The Oe-Chi I protein has the two signature motifs of family 19 of the chitinases. Chitinases have long been considered a significant component of plant defence because of their direct action against chitin-containing pestiferous and pathogenic organisms. Furthermore, some of these enzymes are also involved in developmental processes or are associated with abiotic stress. The presence of a putative signal peptide and the gene expression analysis strongly support a role in drupe defence for Oe-Chi I. Specifically, taking into account the magnitude of gene activation, it is tempting to speculate that Oe-Chi I may not be exclusively involved in biological processes activated by “generic” mechanical damage but that this gene plays a specific role in the onset of the reaction against larval feeding. Although chitinases in plants are primarily associated with fungal resistance, there are various reports documenting their activation in plants following pest attack . Interestingly, a chitinase was found to be specifically activated by the application of Colorado beetle regurgitant, and the gene had the highest expression level after a continuous infestation . Further work, primarily directed towards the characterisation of the Oe-Chi I protein product, will be performed to understand its possible effect against phytophagous pests [66, 67].

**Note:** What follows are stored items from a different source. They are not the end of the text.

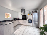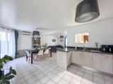 Cuisine ouverte équipée (hotte, plaque gaz, lave-vaisselle, four) refaite en 2015, donnant sur un salon/séjour lumineux de 40,54 m² (conduit pour poêle existant)
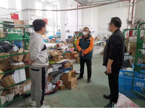 △區(qū)分公司領導在一線組織協(xié)調、參與收寄發(fā)運工作,提升員工們的復工復產熱情。
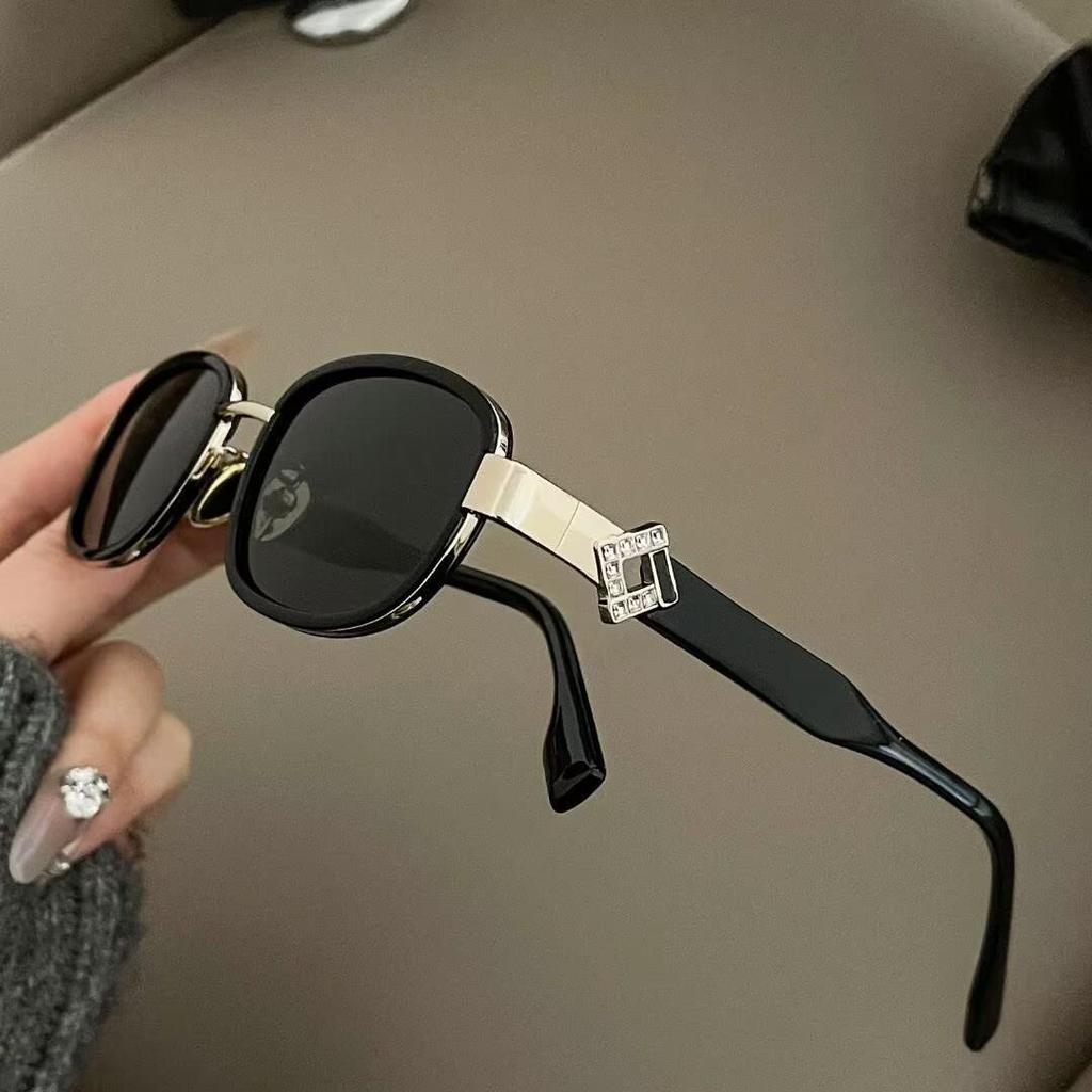 Lunettes de soleil Rétro Européennes Cadre Métallique Ovale Protection UV Strass - 2026 Style Tendance Haut de Gamme

The Oe-PRp27 gene was named after its high similarity to the Nicotiana tabacum NtPRp27, which codes for a secreted protein belonging to the Pathogenesis-Related 17 (PR17) family . Homologues of NtPRp27 have been found in a wide variety of flowering plants and because of their transcriptional activation in response to pathogen infection and various elicitors, these genes are classified as encoding PR proteins. However, the roles of the members of the PR17 family have not been fully elucidated, especially because these genes are activated by various forms of stress (drought, wounding, ABA, ethylene and MeJA) , and their constitutive expression in transgenic plants does not necessarily lead to an increased resistance to pathogens [29, 69]. It has been proposed that PR17 members may act in defence responses with relation to either cell wall metabolism or signal transduction , which would be consistent with the rapid activation of Oe-PR27 after wounding. Furthermore, Oe-PR27 is induced by B. oleae feeding and punctures, implying an involvement in insect defence. This result is not completely unexpected, as NtPR27 is also induced by JA and ethylene , and recently, the accumulation of an NtPR-like protein was reported during bacterial infection of grape . Although the mode of action and specificity of the PR17 family remain to be determined , our data support a possible broad function of members of this group in the early stages of defence, rather than as antibiotic components directly acting against invading pathogens.